Antes de dejar la capital de la República, el Libertador dic­tó varios decretos, como Jefe Supremo, con fuerza de ley, pa­ra arreglar la Hacienda Pública y el régimen administrativo; tuvieron un buen resultado en la práctica porque mejoraron la Hacienda Pública, pero no así el que suprimió las municipali­dades, porque los republicanos de corazón, tanto de la oposición como amigos del Libertador, censuraron este acto que destruyó el ejercicio del poder municipal, elemento principal del Gobier­no propio. No obstante esto, como el Libertador no pensaba re­tener la autoridad suprema, dio el decreto de 24 de diciembre de 1828 convocando al Congreso Constituyente para el 2 de enero de 1830; y con la misma fecha expidió el decreto regla­mentario sobre elecciones, y el 28 de diciembre emprendió su marcha para el Sur a ponerse al frente del ejército para repeler la invasión exterior del Perú, deshaciendo las fracciones que acaudillaban Obando y López.

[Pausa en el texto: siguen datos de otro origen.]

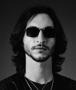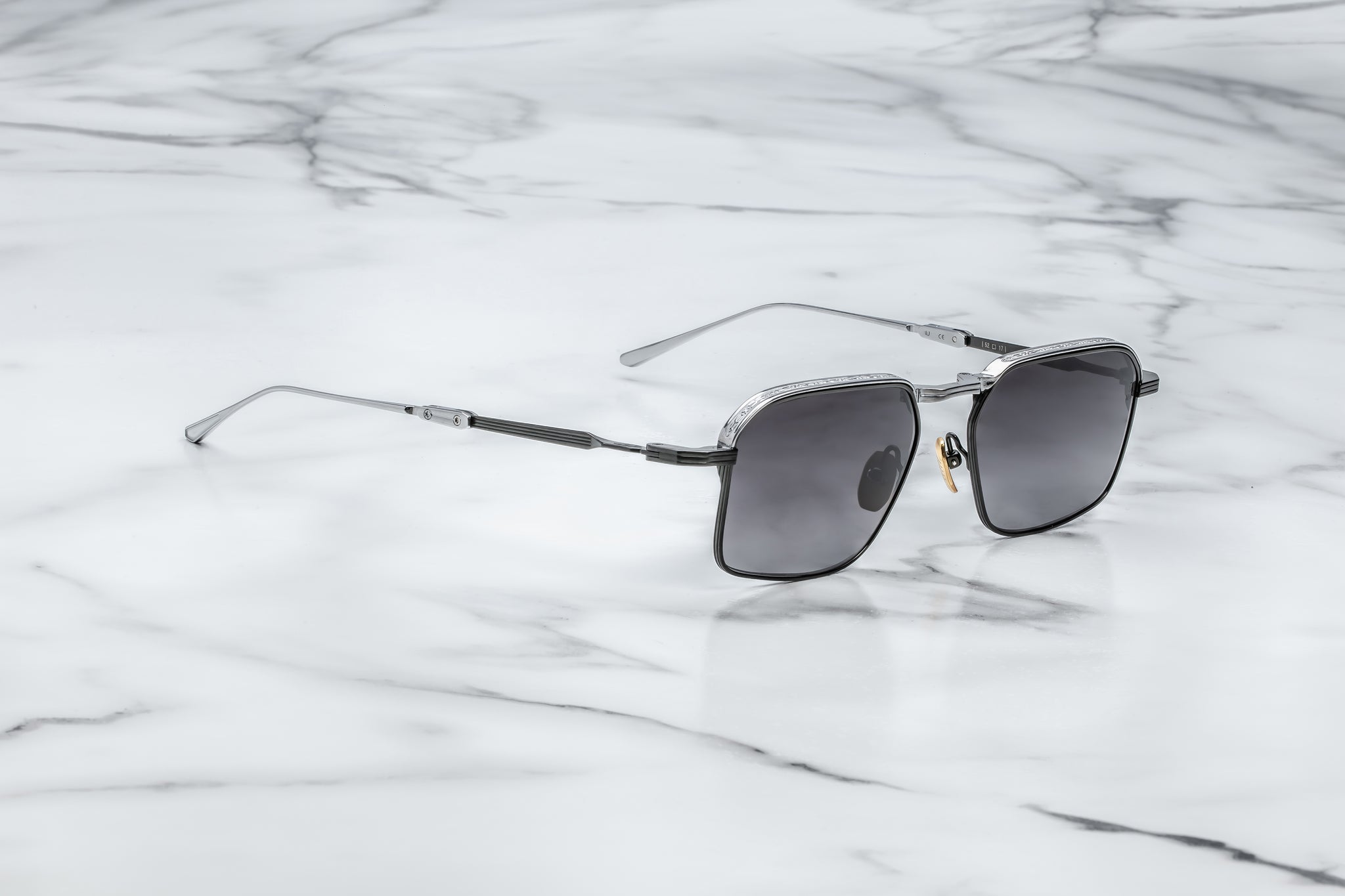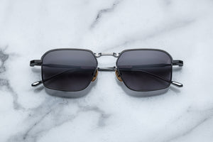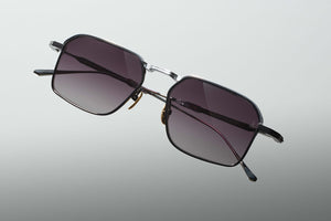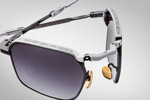 Classic ’60s-inspired folders handcrafted in Japan using 100% beta titanium, a sophisticated rectangular shape with a medium fit, featuring hairline-engraved wire rims, tailfin-shaped temple tips with recessed volumes, and extraordinary polished metal and epoxy details.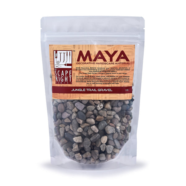 MAYA Jungle Trail Gravel transforms your aquarium, paludarium, or terrarium into an enchanting natural landscape. This premium gravel is designed for aquascaping enthusiasts who want to elevate their setups with natural beauty and easy maintenance.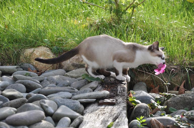 Keywords: cat kitten flower pet cute feline petit animal cosmos japanese cosmos grass pebble wood pink green spring flowering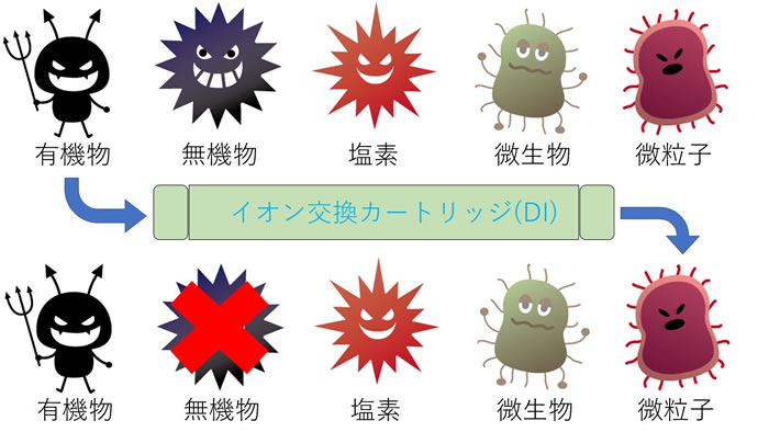 如下面所示,自来水中存在许多杂质,但通过第二个设置的反渗透膜,大部分杂质可以被去除。然而,反渗透膜对氯气很敏感,因此在第一个位置放置含有活性炭的预处理滤芯,可以完全去除氯气。通过反渗透膜无法充分去除的有机物,可以使用紫外线灯大部分去除。去除过程中,部分有机物电离并产生无机物。因此,最后放置离子交换滤芯,以排除剩余的无机物。经过这四个步骤,超纯水才得以完成。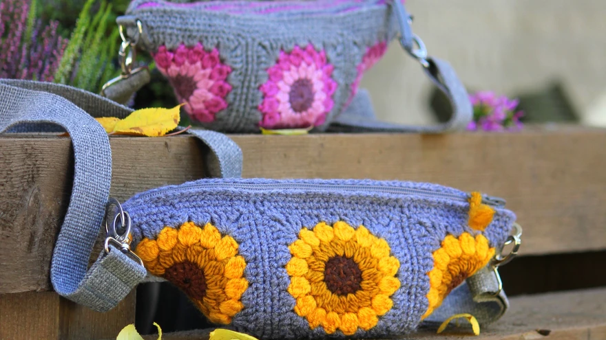 Mahukas üleõlakott | foto: Siire VanaseljaRisti üle õla kantav nn crossbody-kotike on väike, mugav ja praktiline. Neljast ruudust koosnev kott valmib kiiresti ja kuna materjali kulub vähe, saab kõik värvikad lõngalõpud koti sisse särama heegeldada.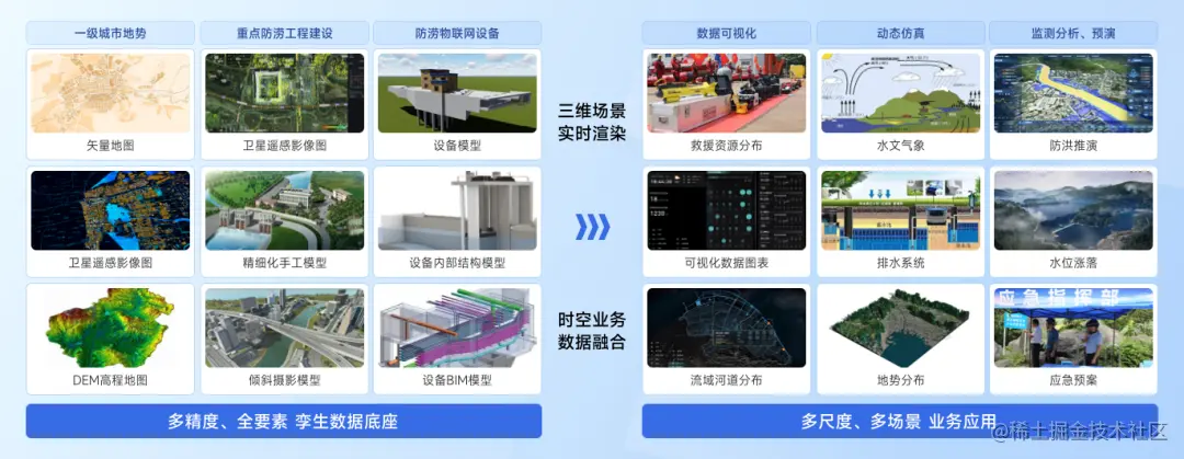 数字孪生可视化作为新型技术手段在防汛减灾中发挥着重要作用。数字孪生可视化实现城市、流域的实景三维建模,将物理世界中的事物通过数据映射,实现物理世界与虚拟世界的融合,提供虚拟现实场景和运行环境。对城市、流域进行多精度、全要素、全流程、全周期的数字孪生可视化展示,应用于多尺度、多场景的防汛业务应用,如防汛应急管理、城市内涝治理等。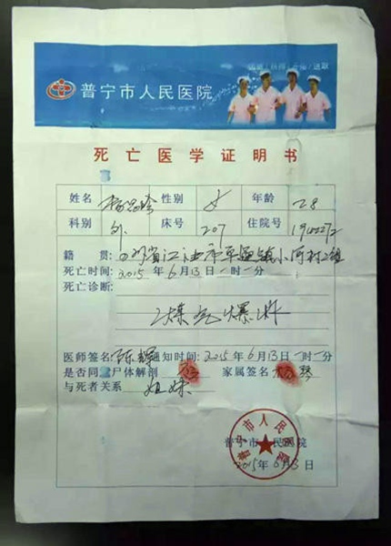 死亡證書是偽造的。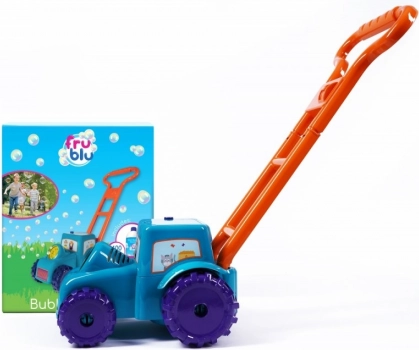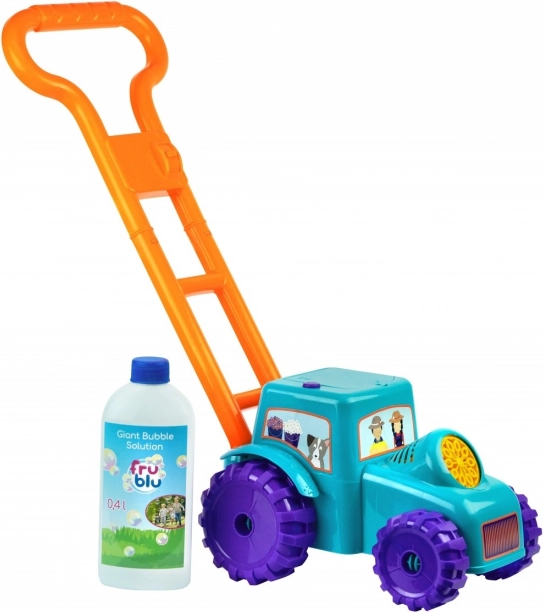 Dai il via al divertimento in giardino e in casa con il trattore a bolle FRU BLU! Questo colorato veicolo, quando viene spinto, crea tantissime bolle arcobaleno, motiva i bambini al movimento e, grazie alla luce LED integrata, offre uno spettacolo ancora più attraente. Grazie alla bottiglia sigillata con liquido speciale, il gioco è senza fuoriuscite e senza bisogno di pulire: ideale per bambini dai 3 anni.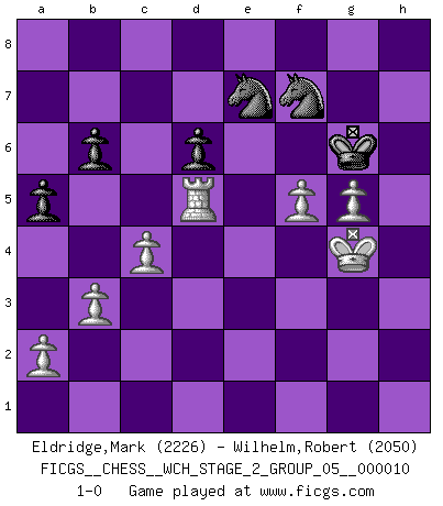 Last move : 1-0 2013 May 12 7:57:0 [Event "FICGS__CHESS__WCH_STAGE_2_GROUP_05__000010"] [Site "FICGS"] [Date "2012.12.03"] [Round "1"] [White "Eldridge,Mark"] [Black "Wilhelm,Robert"] [Result "1-0"] [WhiteElo "2226"] [BlackElo "2050"] 1.c4 b6 2.g3 Bb7 3.Nf3 Bxf3 4.exf3 c5 5.d4 cxd4 6.Qxd4 Nc6 7.Qd3 Rc8 8.Nc3 e6 9.f4 Nb4 10.Qe2 Qc7 11.b3 Qb7 12.Rg1 Nf6 13.Bg2 Qb8 14.Bb2 Be7 15.Kf1 O-O 16.Bf3 Rfd8 17.Kg2 Ne8 18.Rgd1 Bf6 19.Nb5 Bxb2 20.Qxb2 a6 21.Nd4 Qc7 22.Rac1 g6 23.Qe2 a5 24.Rd2 Nc6 25.Nb5 Qb8 26.Rcd1 d6 27.Rd3 Rd7 28.h4 Ne7 29.h5 Rcd8 30.Nd4 Qc8 31.hxg6 hxg6 32.f5 gxf5 33.Nxe6 fxe6 34.Qxe6+ Kg7 35.Bh5 Ng8 36.Qxf5 Nef6 37.Rf3 Qc6 38.Qg5+ Kh8 39.Bg6 Rf8 40.Rd5 Rh7 41.Bxh7 Nxh7 42.Qe3 Rxf3 43.Qxf3 Ne7 44.Rd1 Qxf3+ 45.Kxf3 Ng5+ 46.Ke3 Nf7 47.f4 Kg7 48.g4 Kf6 49.Kf3 Nc6 50.g5+ Kf5 51.Rd5+ Kg6 52.Kg4 Ne7 53.f5+ 1-0 English Opening Kingside Castling by player Black (move 15) Player White won this chess game. Follow this game move after move (download)I love all positions. Give me a difficult positional game, I will play it. But totally won positions, I cannot stand them. (Hein Donner) Es macht mich traurig, wenn ich sehe, dass Golfprofis mehr verdienen als Schachsportler. Obwohl ich davon überzeugt bin, dass wir Schachspieler viel härter trainieren müssen als die Golfer. (Alexandra Kosteniuk) El sobresalir en el Ajedrez es un signo de una mente intrigante. (Sir Arthur Conan Doyle) D'abord les bases : Jouez et étudiez, puis étudiez et jouez, ensuite jouez et étudiez, puis étudiez et jouez. Deuxièmement : Donnez toujours le meilleur de vous-même ! (Ken Smith) When you don't know what to do, walk fast and look worried. (Anonymous)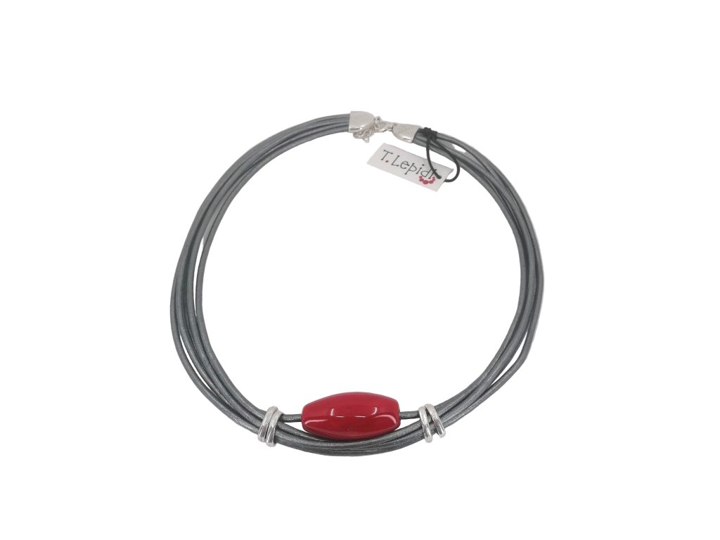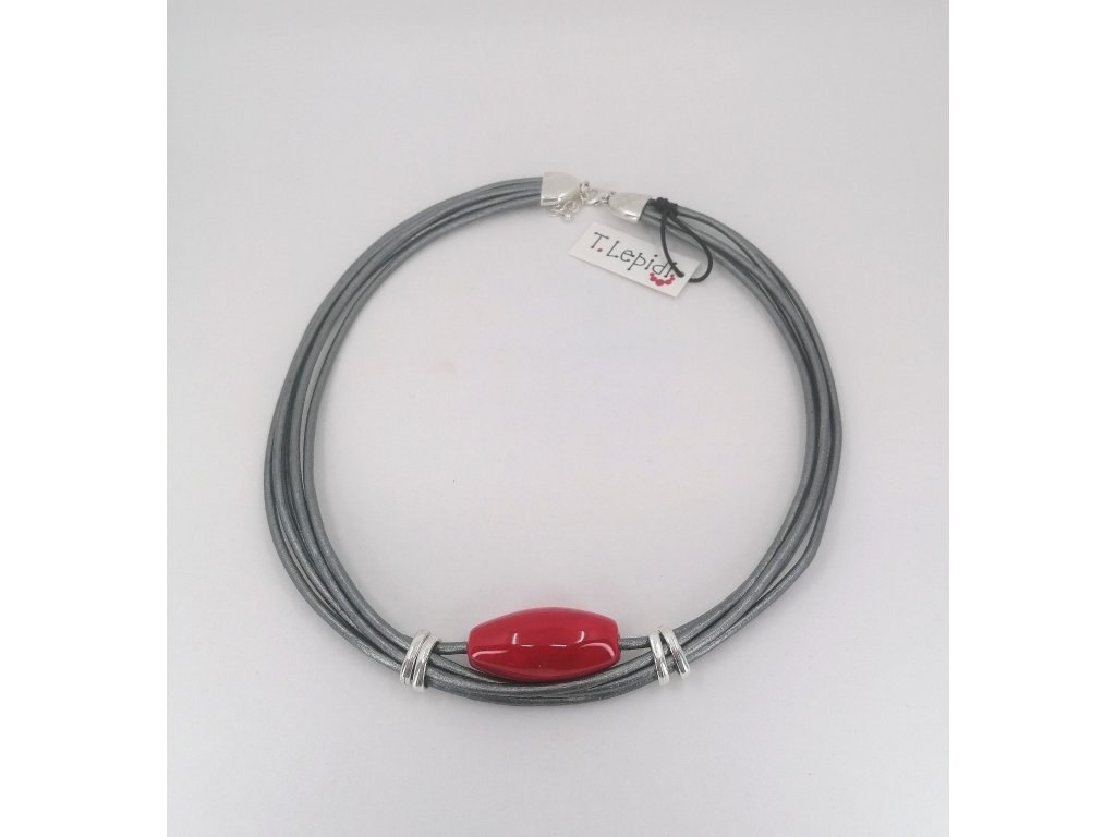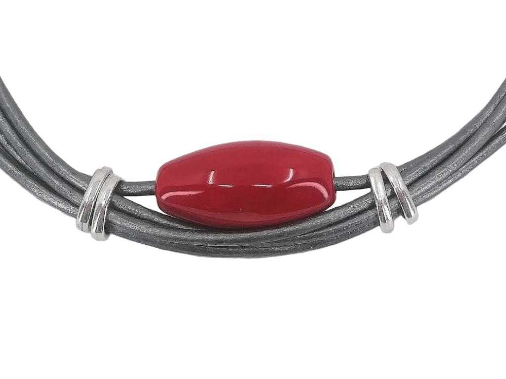 Náhrdelník s červeným keramickým korálem na tmavě šedé kůži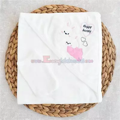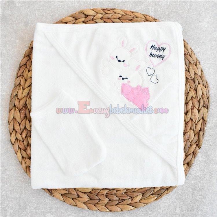 Gülünce 90X65 Cm Bebek Banyo Havlusu Tavşan Nakışlı Pembe Krem
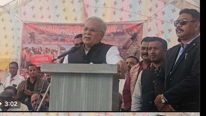 भूपेश बघेल ने कहा की जानकारी मिली है कि झारखंड, महाराष्ट्र के साथ अन्य राज्यों से मजदूरों को बुलाकर काम कराया जा रहा है .और मजदूरों को लाने का कार्य पुलिसकर्मी और अधिकारी कर रहे हैं… उन्होंने कहां की यदि मजदूरों को लाना बंद नहीं किया और तीन दिन के अंदर प्रबंधन ने मजदूरों के साथ समझौता कोई हल नही किया तो ..कांग्रेस उग्र आंदोलन करेगी ..उन्होंने मंच पर बैठे कांग्रेस के नए जिला अध्यश की और इशारा करते कहा बंजारे जी आन्दोलन के लिए तैयार रहे ,उन्होंने एलन किया की छत्तीसगढ़ राज्य की सीमा से लगे बॉर्डर पर कांग्रेस धरना प्रदर्शन करेगी और बाहर से आने वाले मजदूरों को छत्तीसगढ़ घुसने नहीं देगी..उन्होंने कहा जेल जाने से नही डरना है.उन्होंने सभा में बैठी महिलाओ की और इशारा करते कहा यदि मताए एक हजार के लालच में नही आती तो आज ये दिन देखना नही पड़ता ..भूपेश बघेल के साथ कांग्रेस नेता शैलेश नितिन त्रिवेदी पूर्व राज्यसभा सांसद छाया वर्मा, गिरीश देवांगन ,अनीता शर्मा, देवव्रत नायक ,सरपंच दिनेश वर्मा उधोराम वर्मा सहित मजदूर नेता मंच पर उपस्थित रहे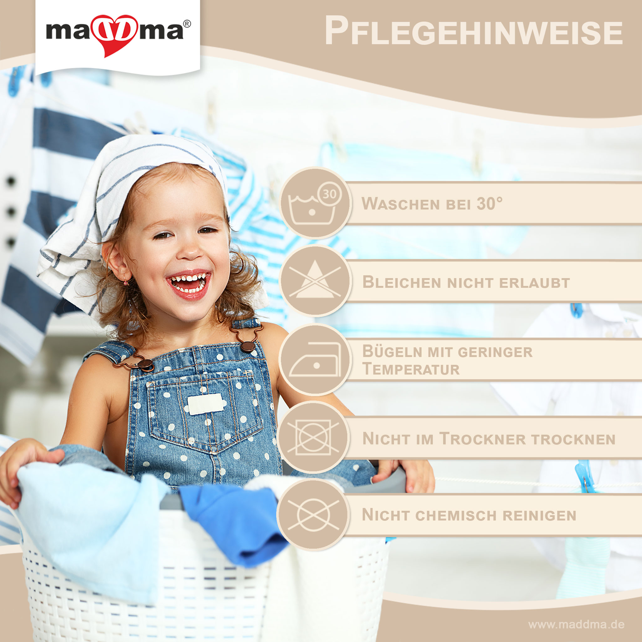 - Pflegeleicht: bei 30 °C waschen, auf Stufe 1 bügeln, liegend trocknen, nicht bleichen, nicht chemisch reinigen – so behält der Stoff lange seine Qualität.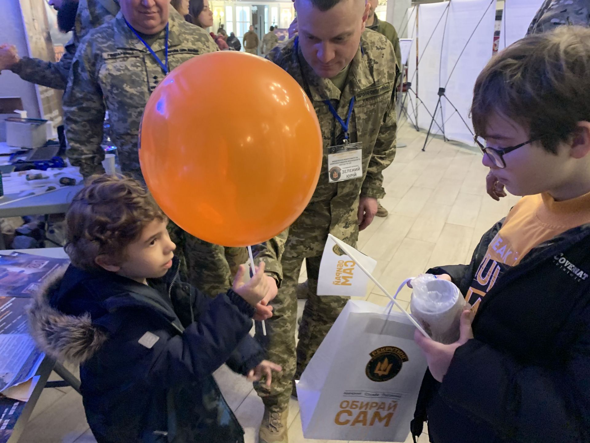 Жовтогарячі кульки і білі паперові пакети з написами «Обирай сам» в руках зграйки юних вінничан одразу кидалися в очі. Центр міста, неділя 25 лютого, ми йдемо на ярмарок військових вакансій, вони повертаються з нього, сміються, про щось розмовляють, активно жестикулюють руками, розмахують кульками.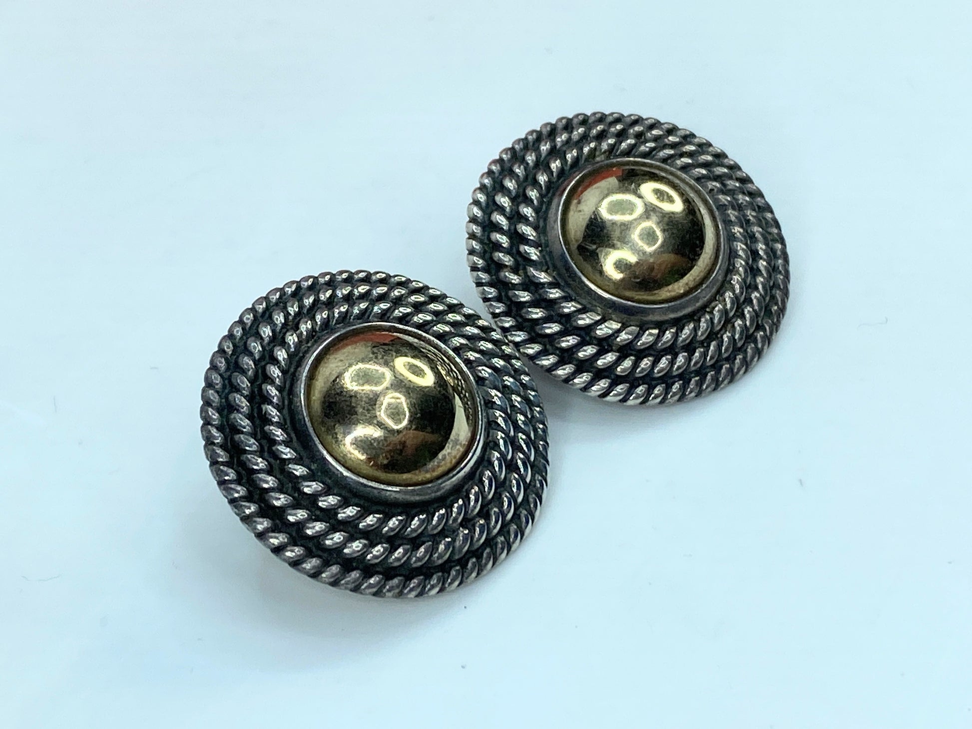 Retired James Avery large Round Rope 14K Domed Sterling rope Earrings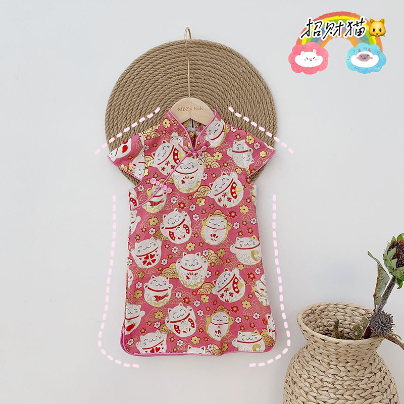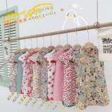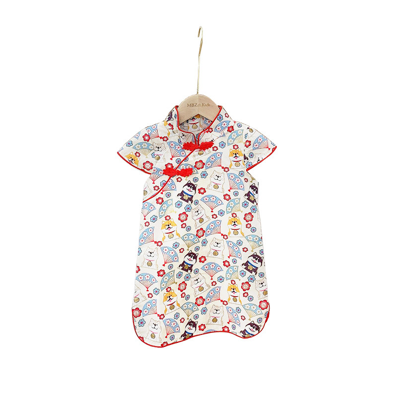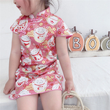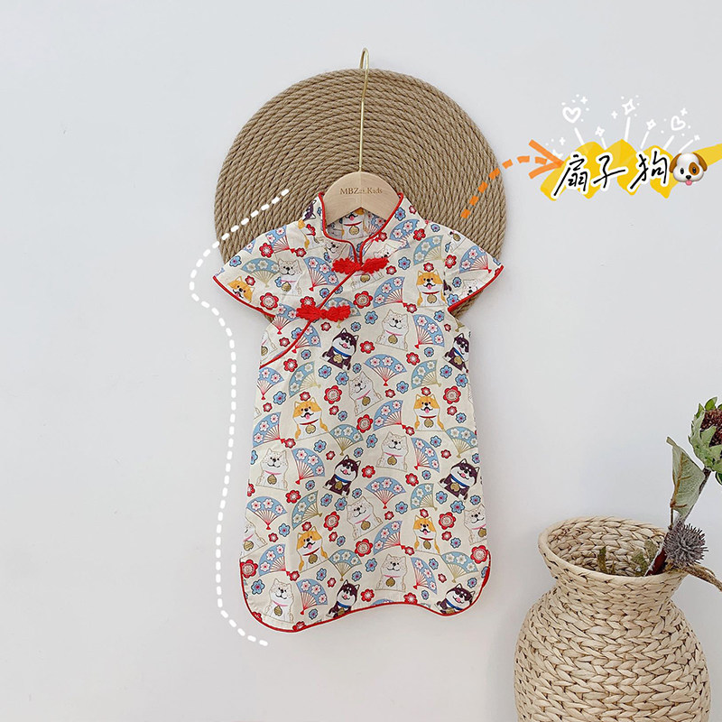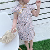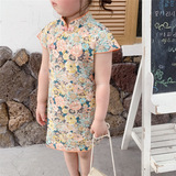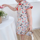 Ципао, мультяшное платье, цветочный принт, из хлопка и льна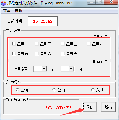 1、打开探花定时关机软件,设置日期和时间,选择定时操作的动作,保存即可

No olvidó el Libertador dictar un decreto revocatorio del de 1823, que prohibía la importación en Colombia de los frutos y manufacturas españoles, aun cuando fuesen de propiedad es­pañola, correspondiendo así con más generosidad al decreto del Gobierno español, siendo Ministro el señor Ballesteros, que per­mitió la introducción en la Península de los productos de la América española. Con estos actos de carácter legislativo con­cluyó el Libertador su interesante labor en el año de 1828, que conmovió por sus fundamentos la estabilidad de la República y laceró el corazón con la ingratitud de los colombianos que aten­taron contra su vida, y de los peruanos que rompieron el lazo que unía a las dos naciones.

No obstante el General Bolívar, conociendo como conocía que la mayoría en Colombia como en el Perú no participaba de los sentimientos innobles de sus enemigos, resolvióse a hacer un esfuerzo supremo como varón fuerte, para restituir a Co­lombia y restablecer las buenas relaciones con el pueblo perua­no, como luego se verá en los capítulos siguientes.